Provided data:
━━━━

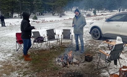 Balıkesir'in Edremit ve Havran ilçelerinin yüksek kesimlerinde yağan karda eğlenmek isteyenler, Kazdağları'nı tercih etti.
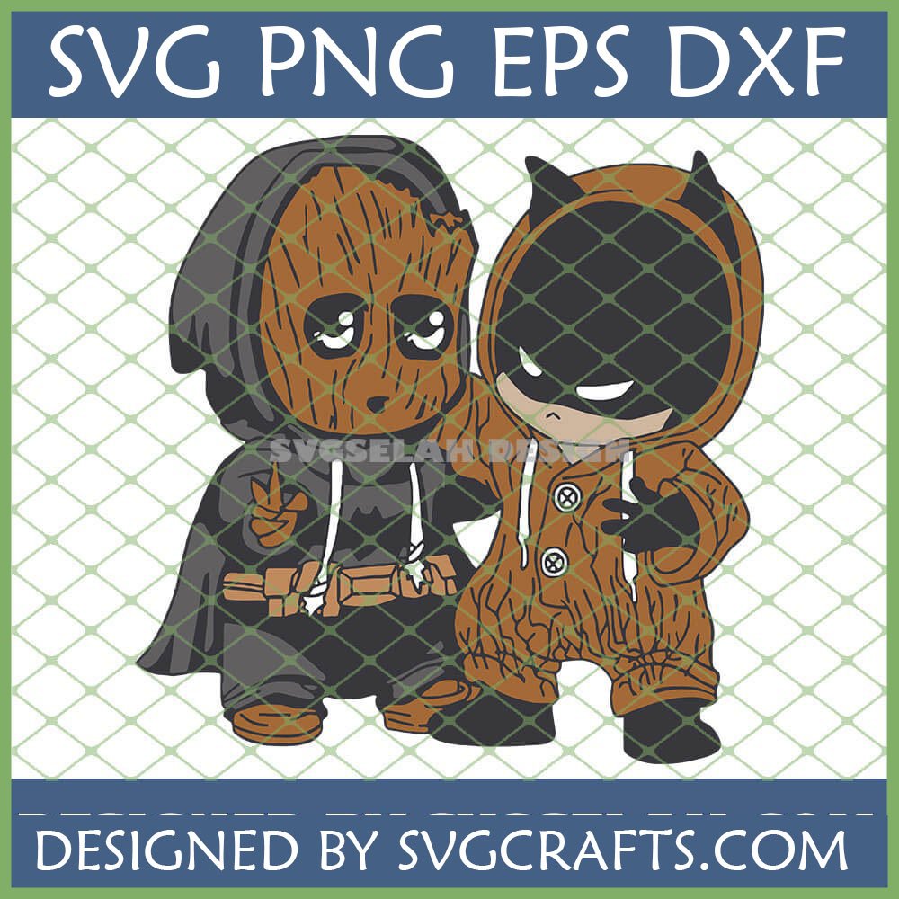 Cute Baby Groot Batman SVG – Adorable Chibi Superhero Friends Digital File
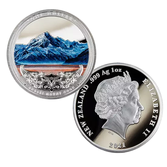 Discover New Zealand: Aoraki Mount Cook coloured 1 oz Silber 2021 Proof

━━━━

What is expected: Could you repeat all of the data exactly, minus the pictures?

Solution to this task:
 Balıkesir'in Edremit ve Havran ilçelerinin yüksek kesimlerinde yağan karda eğlenmek isteyenler, Kazdağları'nı tercih etti.
 Cute Baby Groot Batman SVG – Adorable Chibi Superhero Friends Digital File
 Discover New Zealand: Aoraki Mount Cook coloured 1 oz Silber 2021 Proof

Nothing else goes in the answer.